Oil and gas reserves in storage in Europe. The drone flies around oil tanks and a gas flare that burns excess gas. Fuel crisis and a sharp increase in fuel and gas prices in Europe and in the world.
Source: Ivan Zhaborovskiy/Getty Images

Under intense public and stakeholder pressure, many oil and gas companies have pledged to achieve zero-carbon emission targets by 2050. The energy industry, however, is still in the process of standardizing technologies for site monitoring and measuring the footprint of fugitive emissions, despite the fact that carbon accounting and methane reduction strategies are now considered a must-have for oil and gas companies.

Before becoming a product manager, I spent 15 years developing and implementing technologies that address safety, efficiency, and autonomy for the energy industry. And in my previous role at Schlumberger (now SLB) on the Global Innovation team, I focused on technologies that would infuse intelligence and create digital twins of every oil and gas location.

Those very technologies—performing reality capture to generate accurate, interactive digital twins of the sites, structures, and assets we cared about—are precisely the solution needed to detect leaks early and ultimately reduce methane emissions worldwide.

According to McKinsey, about 57% of the oil and gas industry’s carbon footprint is coming from methane emissions, one of the most powerful greenhouse gases. So the US market is hungry for a solution. To incentivize methane monitoring and leak reduction, the Inflation Reduction Act imposes fines on over-emitting entities and provides $1.55 billion in financial incentives for the energy industry to better monitor methane emissions and to help address legacy pollution from the oil and gas sector. The only hiccup in this plan is that there is no standardized method to measure baseline emissions or monitoring protocol.

Now, energy companies must figure out the best way to carry out their methane emissions baseline measurement, leak detection, and repair.

Where Is the Methane Coming From?
The energy industry’s methane emissions arise from two main sources: leaks and vents. Leaks, also referred to as fugitive emissions, come from unintended events like holes in pipelines or leaking seals. Vents are deliberate emissions, whether from equipment operated by natural gas or from maintenance activities. Roughly 25% of emissions are considered “unavoidable.” This is because of the operating procedures involved in the ramp-up and ramp-down periods of oil and gas assets and the limits of current technology to completely prevent fugitive emissions.

The remaining 75% of methane emissions, however, can be eliminated with a proactive, preventative approach and the use of technology.

A small number of “super-emitter” leaks—such as open thief hatches, unlit flare stacks, open pilot lines, or open bypass valves—create a disproportionate amount of upstream oil and gas methane emissions. The highest-emitting 5% are responsible for approximately 50% of emissions.

Detecting Methane Emissions
Several techniques are used for finding and measuring methane leaks, including satellites, large-scale aerial surveys, drone surveys, handheld devices, permanently installed methane detection sensors, and optical gas imaging cameras.
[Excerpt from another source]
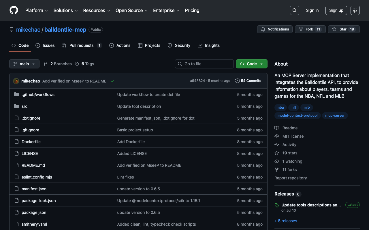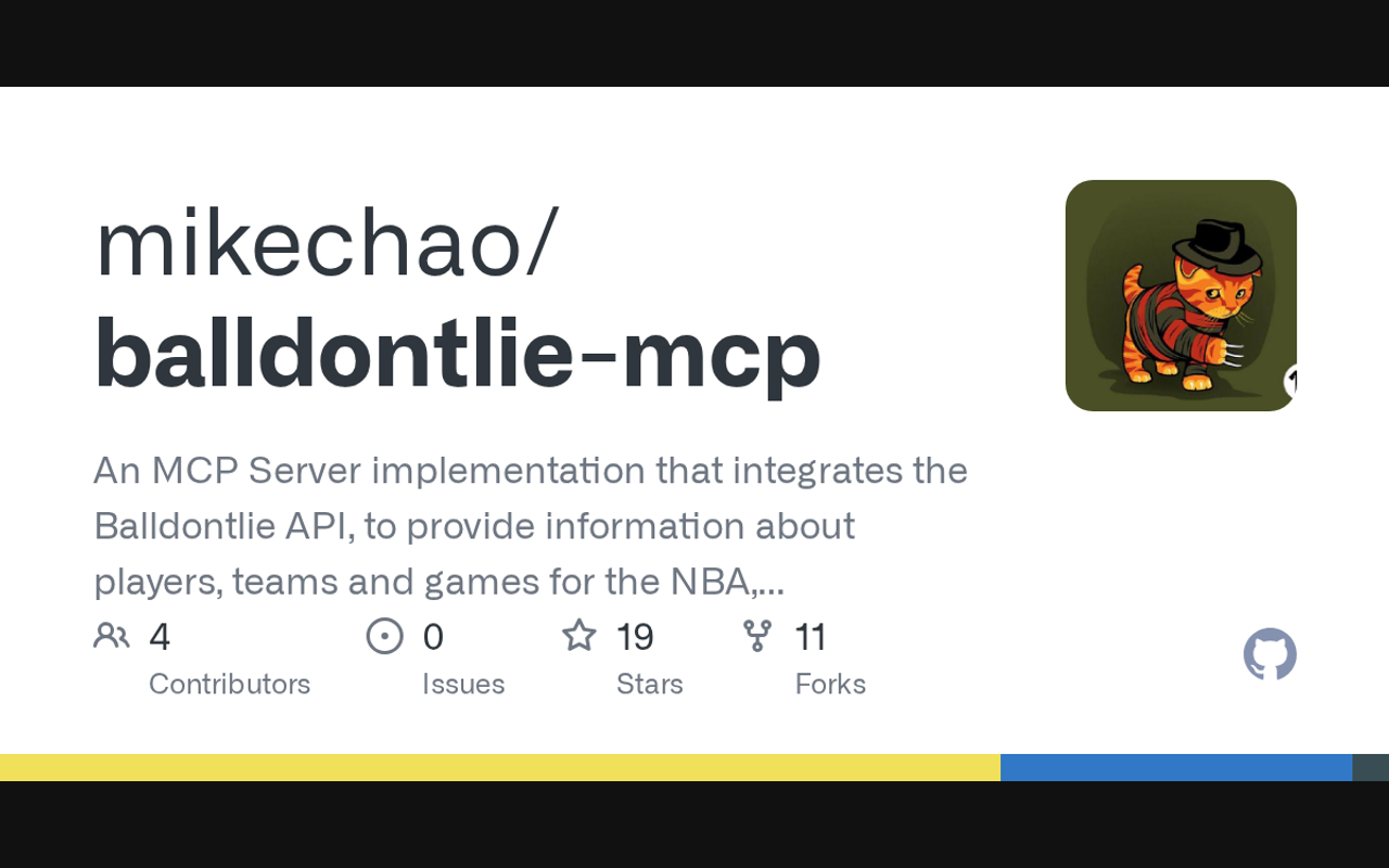 Extend Claude with mikechao balldontlie mcp capabilitiesIntegrate external data into AI conversationsAutomate workflows combining Claude with specialized servicesBuild custom AI-powered development tools

The main difference between all these tools, besides cost, is in inspection frequency and resolution.

With a moderately small detectable leak size, very high resolution, and relatively low cost, aerial survey is an optimal solution for identifying leaks. Commoditizing drone services actually makes this the method of choice for proactive monitoring in a leak-detection program.

Regulations in California currently require final inspections to be conducted using Method 21 “sniffing” detection and quantification of gas leaks. If companies only perform the minimum required Method 21 inspections, a typical midstream facility inspection could take days to perform and unexpected leaks may remain undetected for months.

With hundreds of facilities in California, the California Resources Corporation (CRC) was spending significant time and resources to perform the labor- and time-intensive process to create visual inspection documentation of its equipment.

Starting in 2018, the CRC began using aerial drone mapping to transform aerial data into virtual 2D maps and 3D models of their pad locations, pipelines, processing equipment, and pumping stations, saving the company hundreds of thousands of dollars in time and labor costs over previous processes (Fig.1).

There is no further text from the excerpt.